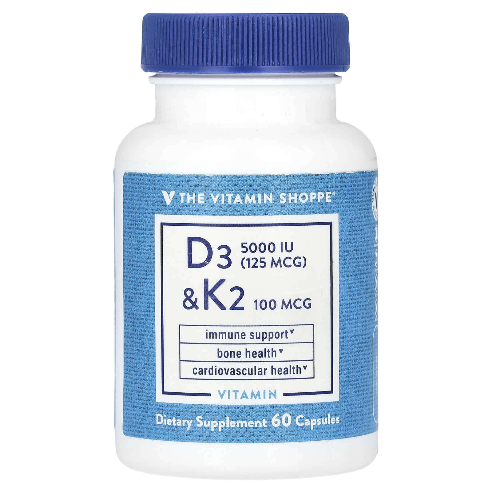 В мире, где превыше всего удобство, растительные капсулы с витаминами D3 и K2 от бренда Vitamin Shoppe® знают, как справиться со своей задачей. Эти капсулы для приема один раз в день, содержащие 5000 МЕ витамина D3 и 100 мкг витамина K2 в 1 порции, являются универсальным решением для поддержки здоровья костей, иммунной и сердечно-сосудистой систем.
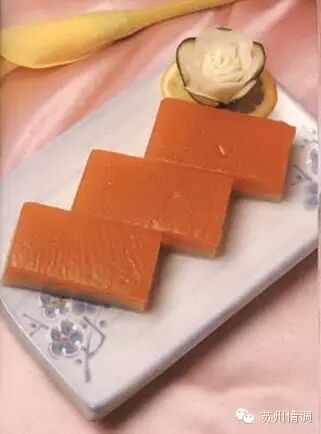 橙糕色如新橙,灿烂如金,味道甜中带酸,食时满嘴芳香,口颊生津,橙糕还有醒酒的功效。
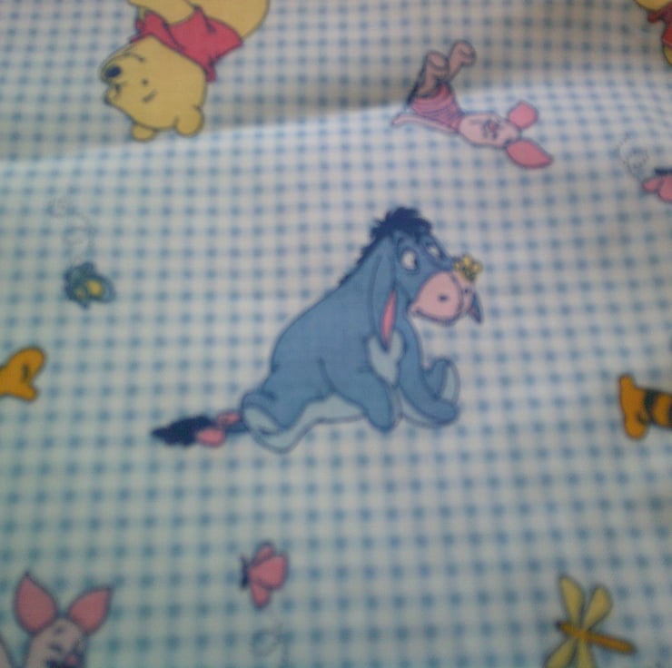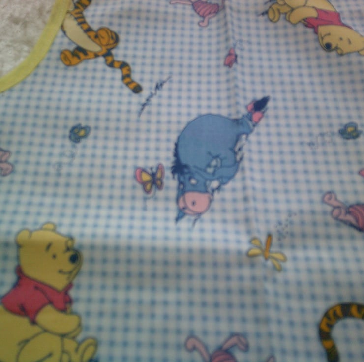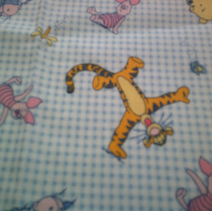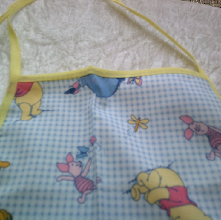 The fabric used has a design of Winnie The Pooh, Tigger, Eeyore and Piglet on a blue and white checked background and is edged with a contrasting yellow bias binding.
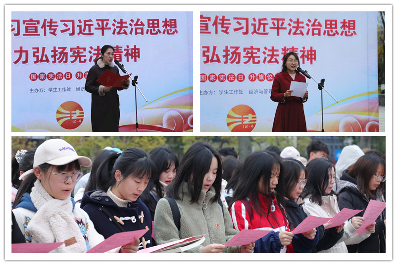 随后,院党总支副书记邓淑梅带领现场师生诵读了宪法部分条款,声音洪亮整齐,场面庄严肃穆,让师生切实感受了宪法的尊严。员工代表20财管2班的王怡萱,进行“青年自强,与法同行”的发言。号召同学们珍惜当下的学习时光,好好学习宪法精神。
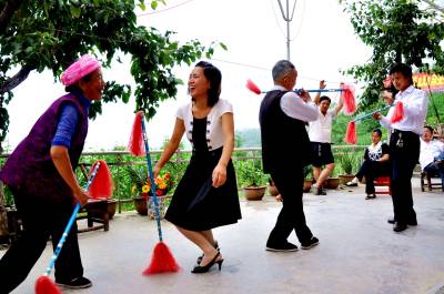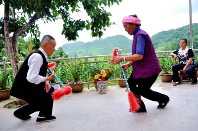 ”莲湘”舞动好健身7月21日,笔者在恩施市红土乡红土居委会看到,82岁的王协庭老俩口正在给孙子和周边群众传承打莲湘舞(图1),受到群众的欢迎。据了解,恩施市文化馆主要负责人深入到红土乡走访民间老艺人调研莲湘舞(图2)。一根莲湘在手中翻动,时左时右、时上时下,敲击肩、臂、胸、背、脚等部位,发出清脆的”嚓嚓”声……王协庭老俩口自编自导《歌唱共产党好》等文艺节目(图3)。莲湘这种艺术表演形式在民间流传有100多年的历史,民间艺人还为莲湘配上音乐和唱词,边打边唱,边唱边舞,既锻炼身体,又愉悦身心。打莲湘不仅仅是人们喜闻乐见的文艺形式,也成为当地一项以健身为主要目的的文体活动。采访手记:土家族是一个历史悠久、文化灿烂的民族,民间文体活动也异常丰富。民族民间文体活动是土家人在改造大自然和人类社会过程中创造提炼出来的文化瑰宝,既体现了民族的勤劳、勇敢、聪慧的内在个性,又是民族乐观浪漫情调的外在渲染。表演起来诙谐明快有趣,运动量大,全身筋骨都处在运动中。是具有很大价值的娱乐、健身项目。(视界网彭绍峰摄)红土乡政府13329820218

# # # # # # #

- What to do: Print from the line containing "橙糕色如新橙,灿烂如金,味道" through the line containing "The fabric used" in the data above, exactly as the lines stand, and omit every picture.

- Your response:
 橙糕色如新橙,灿烂如金,味道甜中带酸,食时满嘴芳香,口颊生津,橙糕还有醒酒的功效。
 The fabric used has a design of Winnie The Pooh, Tigger, Eeyore and Piglet on a blue and white checked background and is edged with a contrasting yellow bias binding.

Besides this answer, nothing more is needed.